一般社団法人放送サービス高度化推進協会(以下、A-PAB)は、12月1日、都内で「ボーっと見ないで! 新4K8K衛星放送A-PAB記者発表会」を開催。NHKおよびBS民放5局による、年末へ向けての新4K8K衛星放送の共同キャンペーンについて発表した。

 冒頭、主催者を代表してA-PABの相子宏之理事長が登壇。新4K8K衛星放送がスタートしてこの4年を振り返り、下記のようにコメントしていた。

 10年前の2012年、情報通信審議会の提案を受け、総務省において「放送サービスの高度化に関する検討会」がスタートしました。「スマートテレビ」「ケーブル・プラットフォーム」と併せ、これ以降、「4K8Kスーパーハイビジョン」という呼称で検討が本格化しました。

 この10年間のメディア環境の変化は、放送通信技術の進展、スマートフォン・テレビ受像機の高機能化等により、放送サービスのみならず、様々な映像配信サービス等が開始され、最近では、日本に限らず、世界的に、コネクティッドTVの普及とともに、サービスも多様化し、ユーザーの選択肢も大きく広がり、この3年間のコロナ禍がこの変化を加速させる形になりました。

 「4K8Kスーパーハイビジョン」は、4年前の2018年12月1日、新4K8K衛星放送としてスタートし、今日でちょうどまる4年。4K8K放送は、視聴者、ユーザーの皆様にとっては、まだ積極的に視聴するメディアとはなっていないかもしれませんが、A-PABが実施した調査では、さらなるチャンネル数の増加、4K8Kコンテンツの増加を望む声が多く聞かれます。

 このような要望が出るということは、視聴者の皆様に伝わっていない部分もあるかとも感じています。「新4K8K衛星放送で見ようよ!キャンペーン」や4Kコンテンツを、出来るだけ多くの方にご覧いただけるよう、メディア各社の皆様にご協力をいただき、視聴者の皆様に知っていただくことが大変重要と考えます。

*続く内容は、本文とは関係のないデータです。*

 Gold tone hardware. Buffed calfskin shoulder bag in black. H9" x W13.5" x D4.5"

 A-PABは、「パリ五輪までに2500万台普及」という目標を掲げており、今回のキャンペーンでギアを入れ直し、さらなる普及を図ってまいります。

 次いで、本会の趣旨である、NHKとBS民放5局(BS日テレ・BS朝日・BS-TBS・BSテレ東・BSフジ)による12月の共同キャンペーン「新4K8K衛星放送で見ようよ!」の紹介が行なわれた。

 今回は、NHKの「チコちゃんに叱られる!」の人気キャラクターであるチコちゃんをキャンペーンナビゲーターに迎え、各局のラインナップする特番を紹介していくそうで、「こんチコは~。チコでーす。永遠の5歳です。よろしくお願いしま~す。」と、元気よく舞台に登場していた。

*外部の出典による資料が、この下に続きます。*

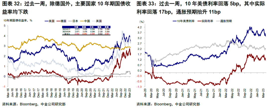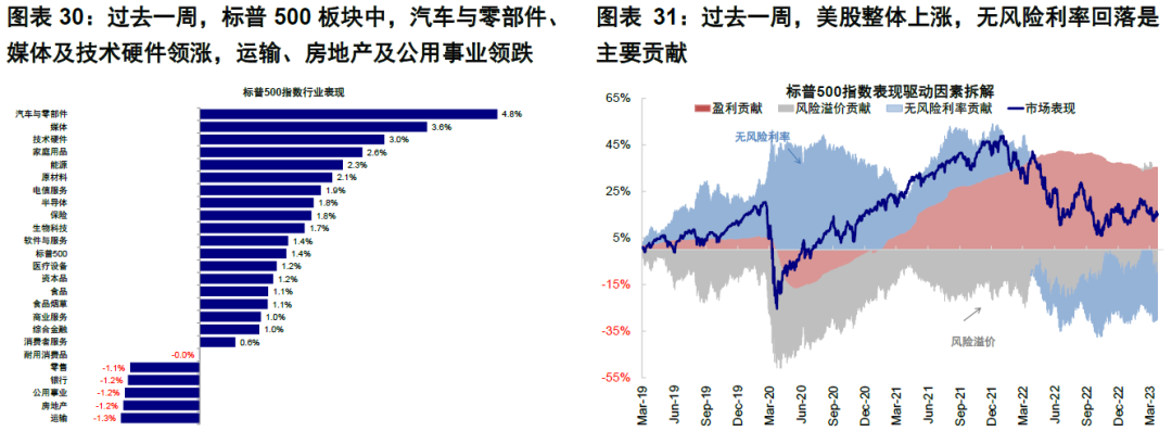 ► 資產表現:股>債>大宗;美股反彈,成長領先。歐美銀行業風險仍存,周初瑞信AT1減記事件引發投資者擔憂,導致債券市場普遍下跌,美債利率走高至3.6%。3月FOMC美聯儲如期加息25bp,但同時暗示加息可能逐步接近尾聲,對於近期銀行風險事件,財政部長耶倫當日卻表示「不考慮大幅提高存款保險額度」[3],受此影響美股整體下挫、銀行板塊領跌。臨近周末,歐洲銀行業擔憂再現,德銀單日跌幅超10%,德法股市再度下探;強勁的服務業和製造業PMI數據提振美股市場情緒,美債利率盤中一度回落至3.3%,美股反彈,成長風格領先。

 まずは、MCの結川愛寿加に、「結川ちゃんは、新4K8K衛星放送のこと知ってるのかしら?」と軽いジャブの後、チコちゃんと岡村隆史が出演する「チコちゃんに叱られる!新4K8K衛星放送キャンペーン特別編」について紹介。この番組は「なーんとNHK BSだけでなく、BS民放5局でも放送されるんですって!」、というコメントののち、ダイジェスト版が上映された。チコちゃんいわく「たくさんの人に見ていただきたいわ~」とのことだ。

 続いて、BS編成担当者会議の主査でビーエスフジ常務取締役荒井昭博氏も登壇し、今回、NHKとBS民放5局で一緒に番組を作ることになった経緯を説明してくれた。

 「2018年12月1日に放送開始した新4K8K衛星放送を現在受信できる視聴可能機器台数は10月末現在、約1440万台まで順調に普及しております。もっとたくさんの視聴者の方々に、4K8Kの繊細で迫力ある魅力的な映像コンテンツを見て、テレビ視聴時間をより充実したものにしていただくために、NHKと民放5社が力を合わせてキャンペーンを行なっているのです。その普及のために、現在国民的アイドルのチコちゃんに協力してもらい、視聴者の皆様に4K8K放送の魅力をお伝えいただき、世界的にも先進的な4K8K視聴環境を作り、視聴者おひとりおひとりが、ハッピーになっていただければと思っているのです。」

 今回の上映はダイジェスト版だったため、チコちゃんからは、「今日はそのスゴい部分まで全部お見せできなかったので、みなさん、放送を楽しみにしてくださいね!」とコメント。最後にチコちゃんから荒井氏に質問。「ねえねえ荒井ちゃん! 4K8K放送ができるようになるまで進化したテレビだけど、画面が昔より横に長くなってるわよね。ハイビジョンは16対9になってるけど、なんで画面は横に長くなったの?」これに対して荒井氏からの「んん・・・総務省の偉い人が決めたとか???」の回答に、「ボーっと生きてんじゃねえ~よ!」の洗礼が。

 正解は「迫力がでるから~~」。チコちゃんから、「アナログテレビの時代からハイビジョンを日本の研究所が研究してきたんだけど、その過程で横と縦の比が 5:3か6:3の画面がもっとも迫力を感じることがわかったそうよ。このデータを元にして、ハイビジョンの国際規格が決まったんだって。みんなわかったかしら?」との詳しい説明が行なわれた。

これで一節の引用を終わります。